So.. it's Banned Book Week. Have you read any banned books as an act of rebellion against banning?
And what is your favorite banned book? http://www.ala.org/ala/issuesadvocacy/banned/frequentlychallenged/index.cfm
Me.. I love Vonnegut, Judy Blume, Roald Dahl, Lois Lowry...
2010-09-30T10:43:46Z
The reading list in my Sr. Lit class in HS was nothing but banned books - Ms. V believed in the quiet rebellion.
LilyRT2010-09-30T09:02:59Z
Favorite Answer
currently reading For Whom The Bell Tolls by Ernest Hemingway--forbidden to be mailed and banned in Turkey.
gotta love Mark Twain--especially gotta love the irony that it's banned for racist language considering the meaning behind the book is decidedly non-racist.
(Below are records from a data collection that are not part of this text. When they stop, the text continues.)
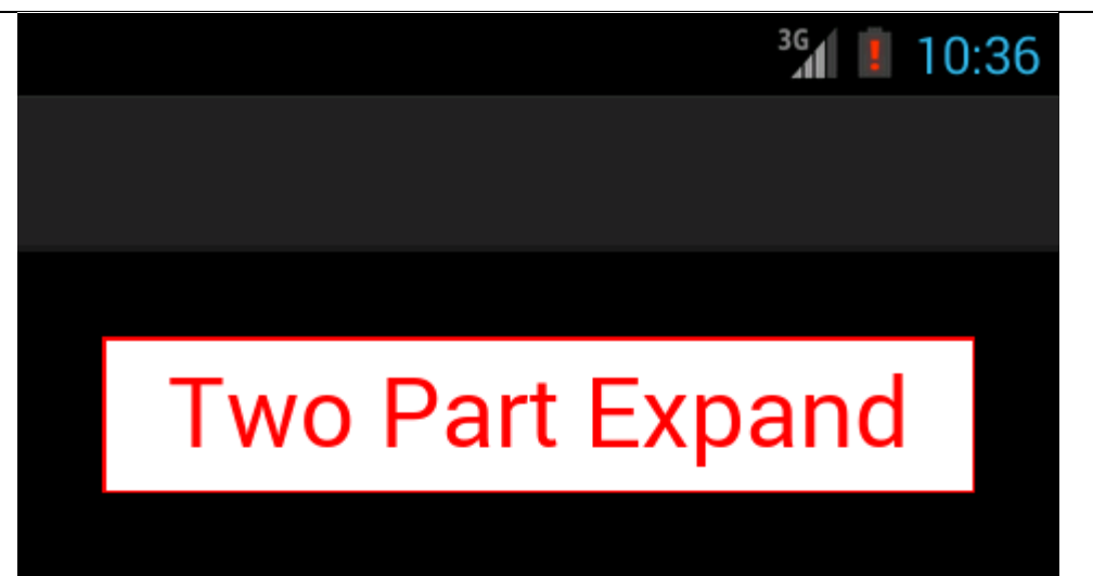
Fig 1 (Portrait) – Default state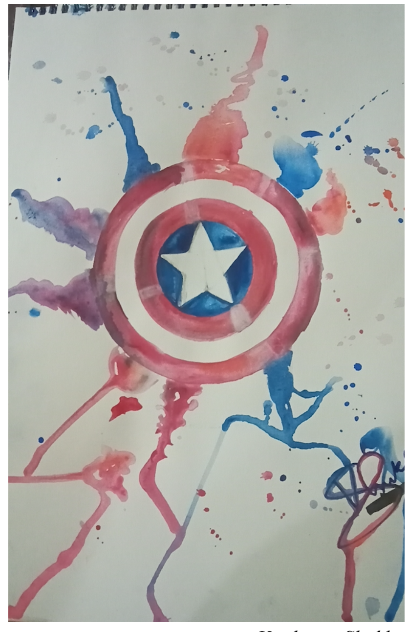
~ Vaishnavi Shukla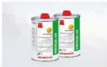
AQUAFIN-P4ME Elastic polyurethane injection resin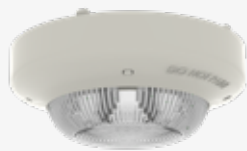
CHQ-ARI Loop Powered Remote Indicator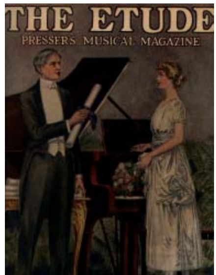
For the graduate. Illustration by Wm. S. Nortenbeim ( The Etude , June 1919).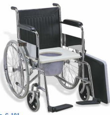
Model No. C-101 • Fixed arm rest & foot rest

Lois Lowry was awesome. I love all of her books. Roald Dahl is great, too. Personally, I like the HP series- banned, I belive in several school systems. And OMG... Jean M. Auel's Earth's Children series was AMAZING. I loved her work, but I guess evolution is too much of a touch subject for people nowdays. Ugh. Mart Twain is alright, although most of his books were actually required reading in our school. Go figure.
And no, I have not read anything as an act of rebellion. I read them because I wanted to.. most of them before I knew anything about them being banned.
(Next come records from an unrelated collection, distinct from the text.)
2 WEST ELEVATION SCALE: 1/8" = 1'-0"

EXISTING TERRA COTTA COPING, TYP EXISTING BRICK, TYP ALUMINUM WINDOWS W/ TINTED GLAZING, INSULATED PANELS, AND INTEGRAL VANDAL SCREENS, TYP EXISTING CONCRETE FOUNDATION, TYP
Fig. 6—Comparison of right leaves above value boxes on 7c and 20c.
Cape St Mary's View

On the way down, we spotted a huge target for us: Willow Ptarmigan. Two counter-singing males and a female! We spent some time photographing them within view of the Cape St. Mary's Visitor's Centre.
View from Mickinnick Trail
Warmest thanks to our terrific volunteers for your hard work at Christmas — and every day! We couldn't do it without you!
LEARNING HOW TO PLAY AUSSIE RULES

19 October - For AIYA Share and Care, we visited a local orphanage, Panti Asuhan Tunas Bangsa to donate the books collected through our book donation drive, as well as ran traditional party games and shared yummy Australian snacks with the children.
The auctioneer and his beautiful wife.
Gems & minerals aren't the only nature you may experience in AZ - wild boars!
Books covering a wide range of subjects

The Bible is banned in nearly a dozen countries. Reading the Bible is always an act of rebellion against the "Old Adam" in me, not necessarily against any particular person, rule, or country.
I read Catcher in the Rye when I was a teenager out of rebellion, yes. But I didn't get it. As far as I could tell, it was just banned because of the language.
But when I read it as an adult, I got a whole new understanding out of it. I loved it. It's one of my favorite books.
Catcher in the Rye, 1984, Animal Farm, Catch-22, and Slaughterhouse 5 are fantastic books that everyone should read. Lolita and Brave New world are also good, but a touch over hyped, IMHO.